Sat, Dec 06, 2003 - Page 8 News List

Taking advantage of the status quo

By Paul Lin 林保華

China has recently raised doubts about US policy on Taiwan-China relations and has been issuing a series of bellicose statements to this end. In a seminar held on Nov. 18, the vice minister of the Taiwan Affairs Office, Wang Zaixi (王在希), reiterated that if the "one China" principle is violated, it would not rule out the possibility of military force.

Using tougher language, a director of research at China's Academy of Military Sciences, Luo Yuan (羅援), said that if Taiwan amends its Constitution so that its territory only covers Taiwan, Penghu, Kinmen and Matsu, then that would be the constitution of an independent Taiwan, which would cross China's line in the sand and invite war.

The interesting thing is that former president Lee Teng-hui's (李登輝) "special state-to-state relations" model and President Chen Shui-bian's (陳水扁) "one country on each side [of the Taiwan Strait]" platform both deny "one China," yet China has not used military force.

Prior to Taiwan's presidential election in 2000, then-Chinese premier Zhu Rongji (朱鎔基) and Vice Chairman of the Central Military Commission Zhang Wannian (張萬年) warned that electing a Democratic Progressive Party (DPP) president would mean war, but that war did not eventuate.

Beijing's new bottom line is that Taiwan cannot change the territory stipulated in its Constitution, which China has refused to recognize anyway. Such are Beijing's infantile games.
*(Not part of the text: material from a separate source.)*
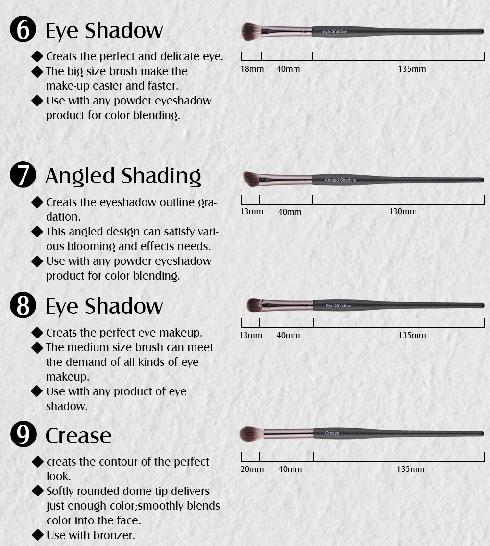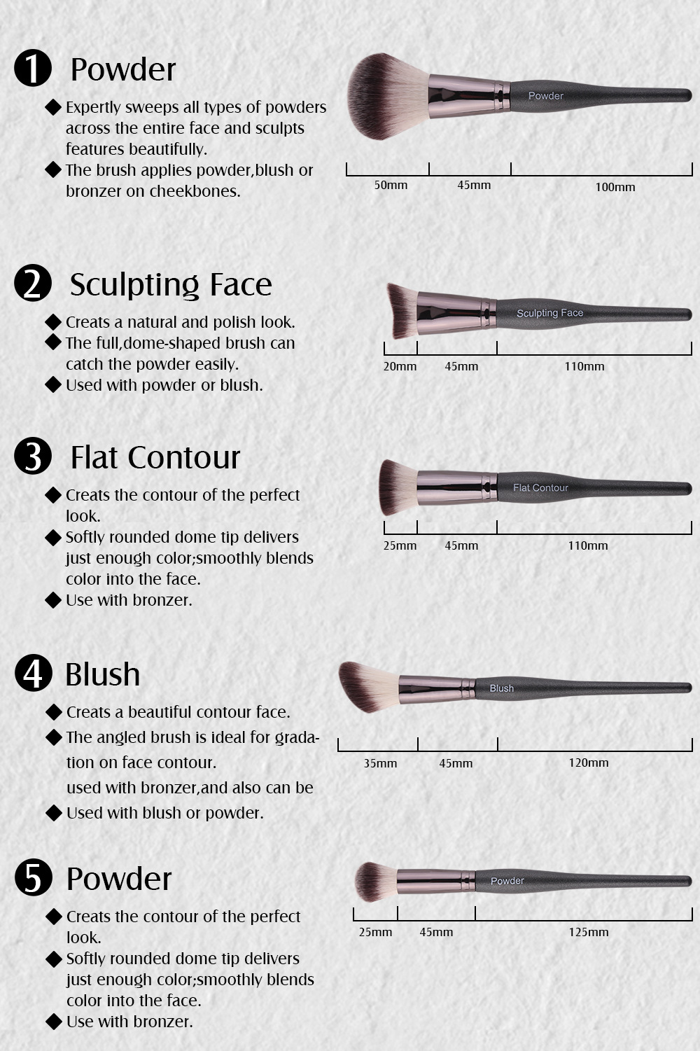 • Intensive Borsten sind ideal für Fundamente, Rouge oder Fundamente, und die Spitzen werden sorgfältig angehoben. Auch wenn sie sich ausbreiten, halten Sie sie sauber und ordentlich.

Does this mean that China considers itself and the Republic of Mongolia to be under the jurisdiction of Taiwan's Constitution? If so, then it's China that has to do some constitutional amending.

Regardless, the US takes the games of infants very seriously and wants to prevent China playing with fire. US State Department deputy spokesman Adam Ereli has said that using force to resolve cross-strait differences is "unacceptable." He has also said that the US opposes any attempt by either side to unilaterally change the status quo in the Taiwan Strait.
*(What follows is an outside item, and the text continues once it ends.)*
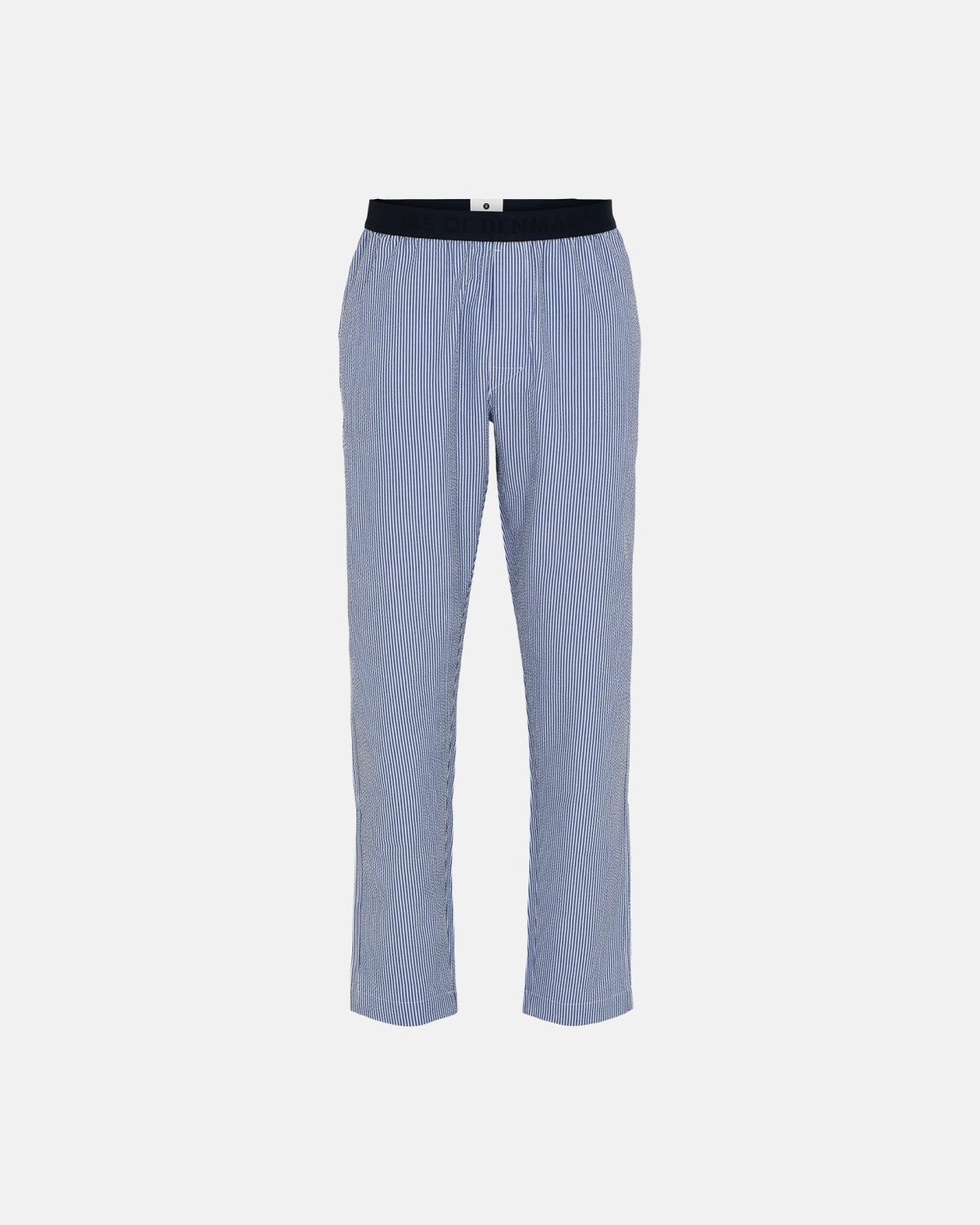 Pyjamas bukser i et flot blåstribet mønster. Seersucker eller bæk og bølge er et bølget bomuldsstof, som er utrolig behagelig og let at have på Denne vare skal helst være for lang på ben/ærmer før vask, da den typisk vil krympe 5-8% i ben/ærme-længde. (Ved strygning kan der oftest hentes et par centimer igen.)

Replying to a journalist's questions, the US Deputy Secretary of State for East Asia and the Pacific, Randall Shriver, repeated a statement by National Security Council Advisor Condoleezza Rice recently. At a press conference on Oct. 15, Rice had said: "It is our very strong belief that nobody should try unilaterally to change the status quo."
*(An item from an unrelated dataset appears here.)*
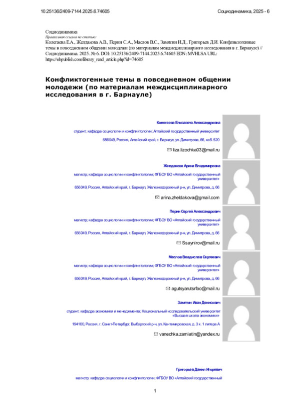 Статья: Конфликтогенные темы в повседневном общении молодежи (по материалам междисциплинарного исследования в г. Барнауле)
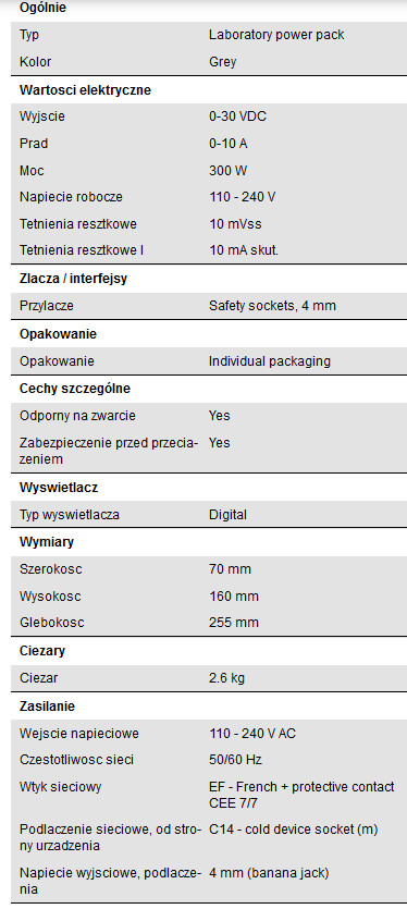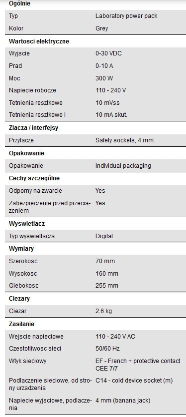 - Regulowany zakres napięcia: 0?30 V; zakres natężenia prądu: 0?10 A

So what is the status quo across the Taiwan Strait? Rice said differences across the strait must be resolved peacefully. Shriver also said that the cross-strait status quo is one in which differences of opinion should be dealt with by peaceful means. The role of US policy would be to create an environment for peaceful dialogue.

In short, they emphasized the "differences" first and only then mentioned peaceful solutions to the differences.

The so-called differences exist between China's "one China" principle and Taiwan's "one country on each side" platform. They apparently result from the fact that Taiwan exists as an independent country. If Taiwan is unwillingly and forcibly annexed by China, that would mean that the status quo had been changed.

The status quo does not include changes to the two sides' domestic political situations. For instance, China can amend its Constitution or even create a new one; Taiwan certainly can, too. Taiwan can strengthen democracy through use of referendums; China certainly can, too. It is unlikely the US would voice opposition if China pushed for democratic reform. All these are the domestic affairs of two independent, sovereign states.